**WORK TO COMPLETE**
The reply must contain exactly the lines below from the one with "The all new" down to the one with "خاتم مرصّع بالألماس", both included, and nothing more; please omit the pictures.

--- WORKING DATA Enclosed Below ---

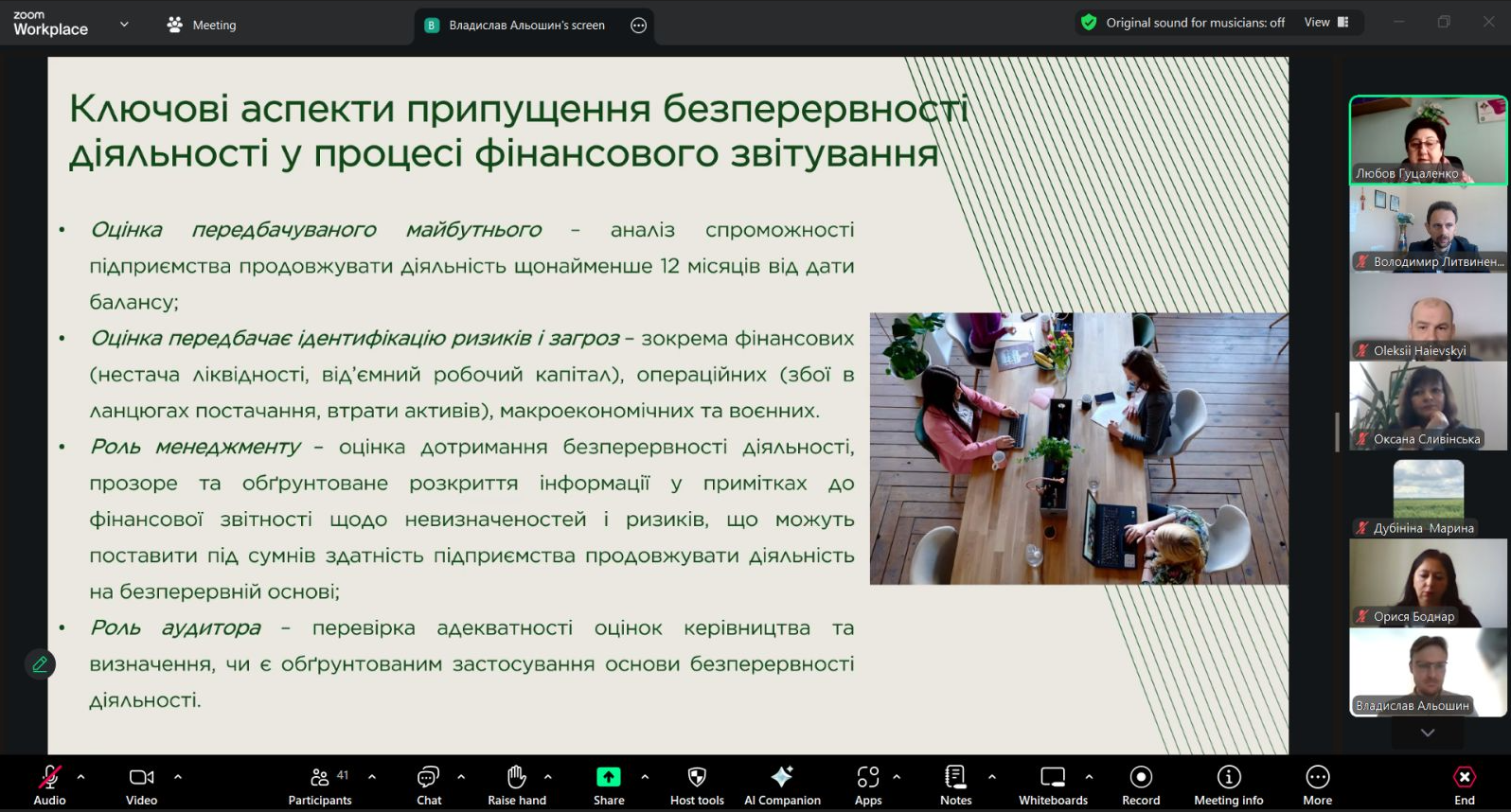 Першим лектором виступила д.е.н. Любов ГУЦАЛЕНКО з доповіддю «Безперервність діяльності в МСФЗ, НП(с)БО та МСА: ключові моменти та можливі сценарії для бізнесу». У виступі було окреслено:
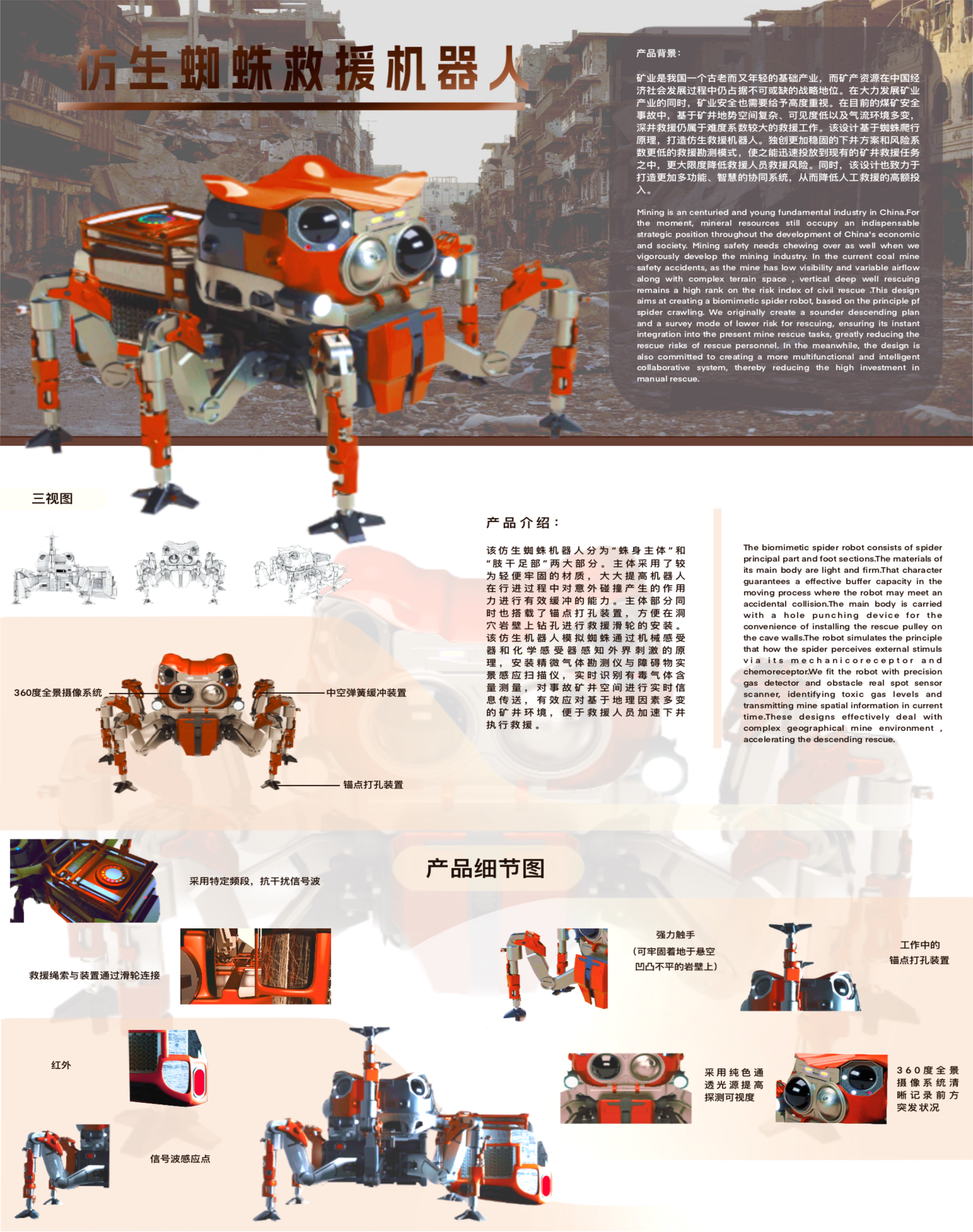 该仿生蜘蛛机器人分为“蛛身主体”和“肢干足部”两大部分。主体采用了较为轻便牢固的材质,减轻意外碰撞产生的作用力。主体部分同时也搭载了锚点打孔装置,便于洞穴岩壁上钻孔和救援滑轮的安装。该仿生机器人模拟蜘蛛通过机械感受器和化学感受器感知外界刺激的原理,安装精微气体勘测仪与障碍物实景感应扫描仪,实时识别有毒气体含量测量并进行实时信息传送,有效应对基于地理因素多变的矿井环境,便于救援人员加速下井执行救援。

--- End of Enclosed WORKING DATA ---
--- WORKING DATA Enclosed Below ---

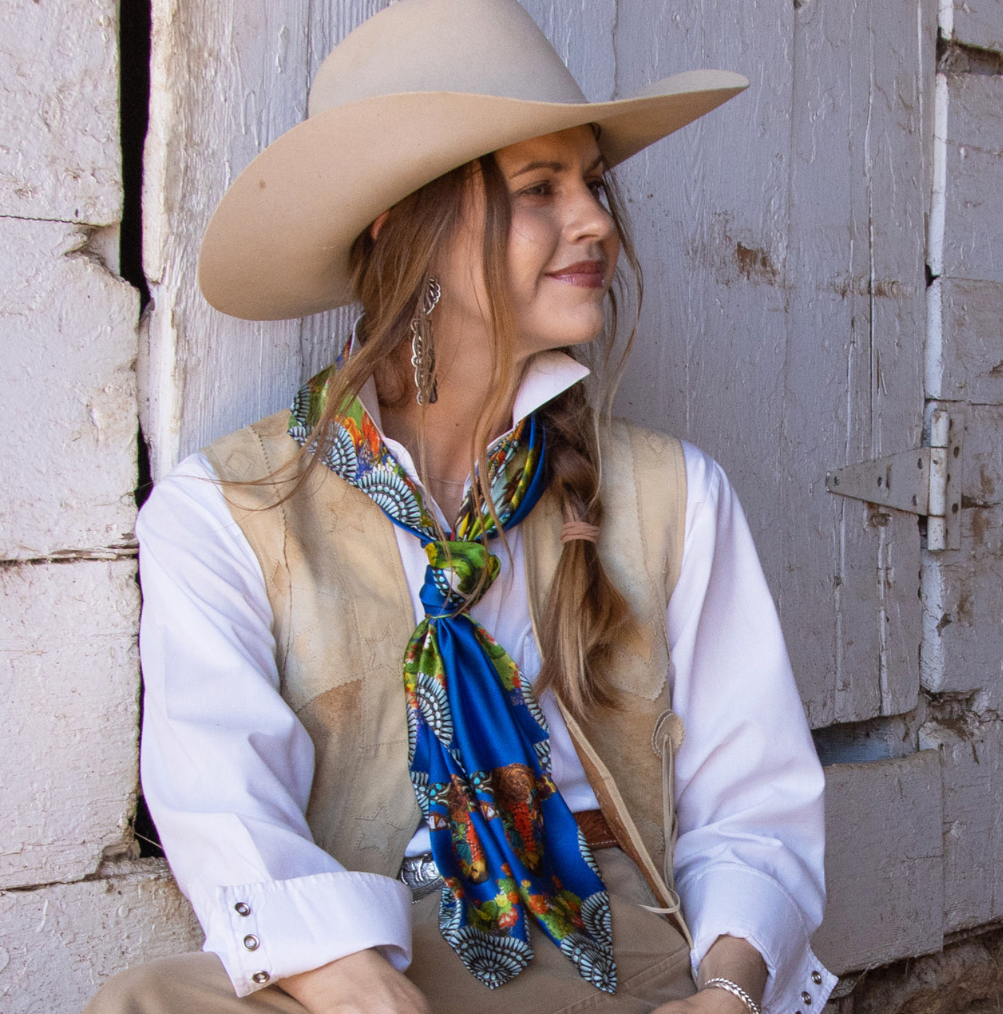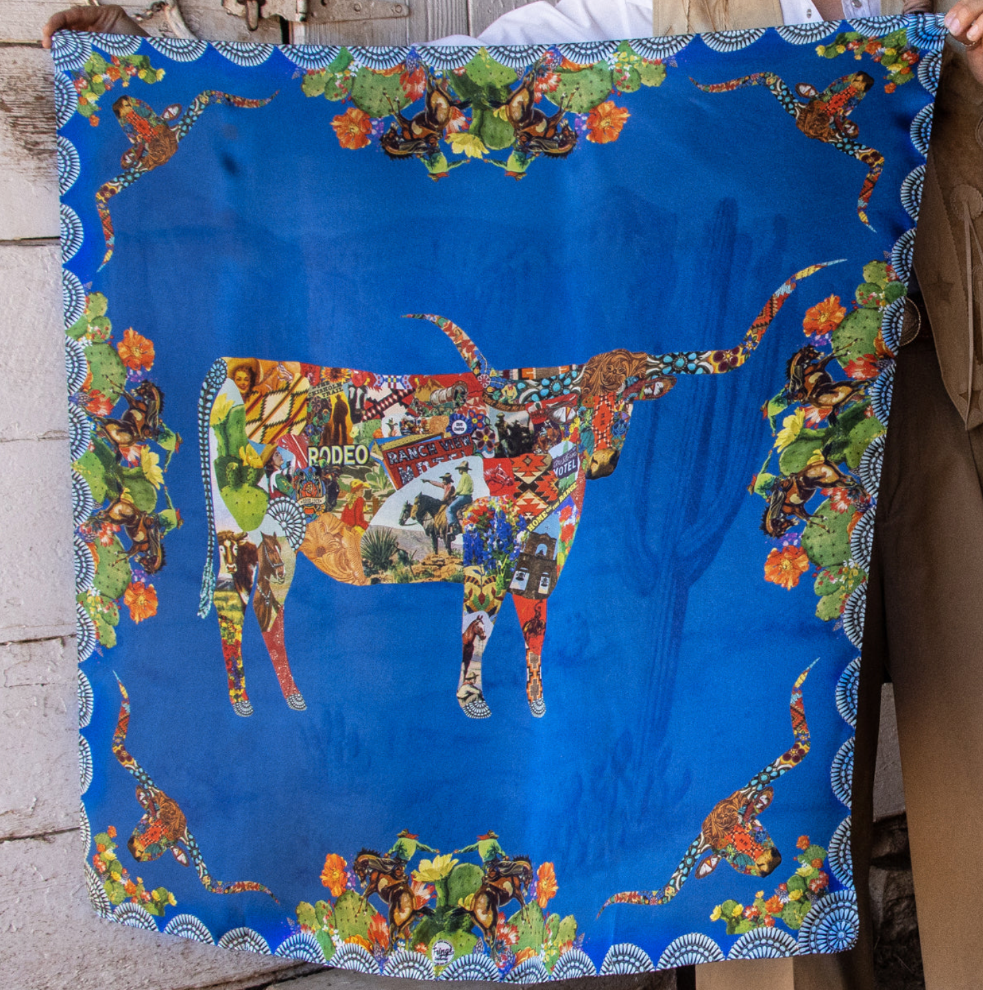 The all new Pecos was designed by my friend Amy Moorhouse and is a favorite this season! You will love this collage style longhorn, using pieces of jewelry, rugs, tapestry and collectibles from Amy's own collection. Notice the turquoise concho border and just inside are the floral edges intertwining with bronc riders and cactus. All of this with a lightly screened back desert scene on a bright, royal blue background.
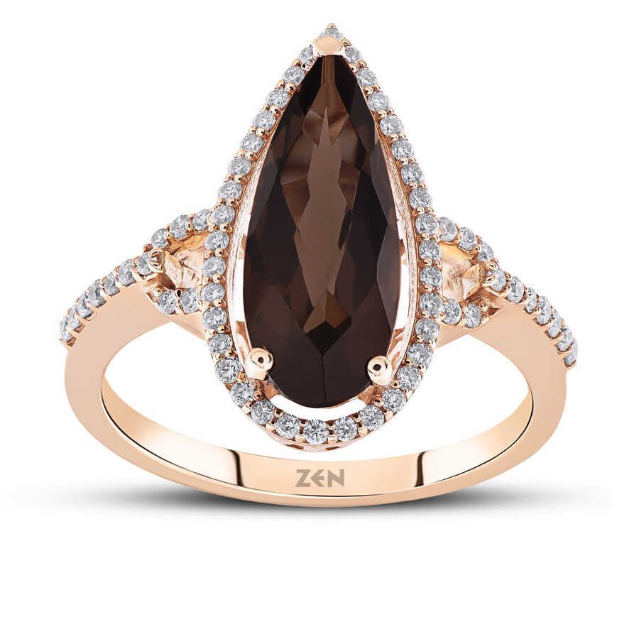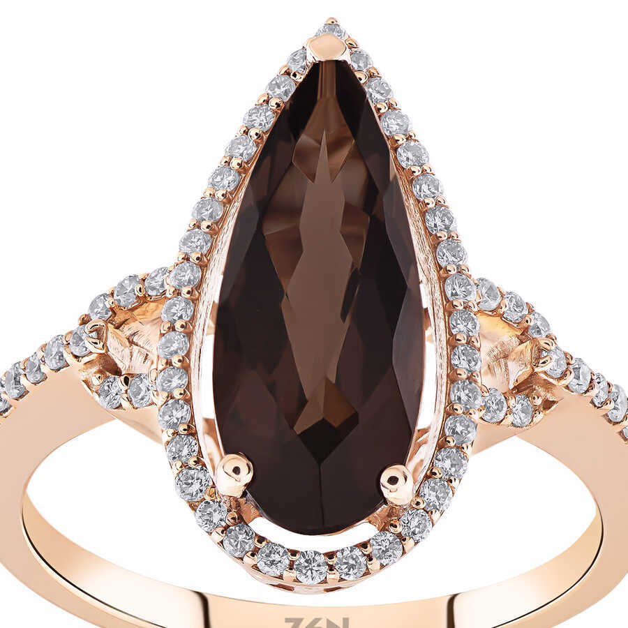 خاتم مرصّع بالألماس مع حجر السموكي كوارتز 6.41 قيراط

--- End of Enclosed WORKING DATA ---

**TASK RESPONSE**
 The all new Pecos was designed by my friend Amy Moorhouse and is a favorite this season! You will love this collage style longhorn, using pieces of jewelry, rugs, tapestry and collectibles from Amy's own collection. Notice the turquoise concho border and just inside are the floral edges intertwining with bronc riders and cactus. All of this with a lightly screened back desert scene on a bright, royal blue background.
 خاتم مرصّع بالألماس مع حجر السموكي كوارتز 6.41 قيراط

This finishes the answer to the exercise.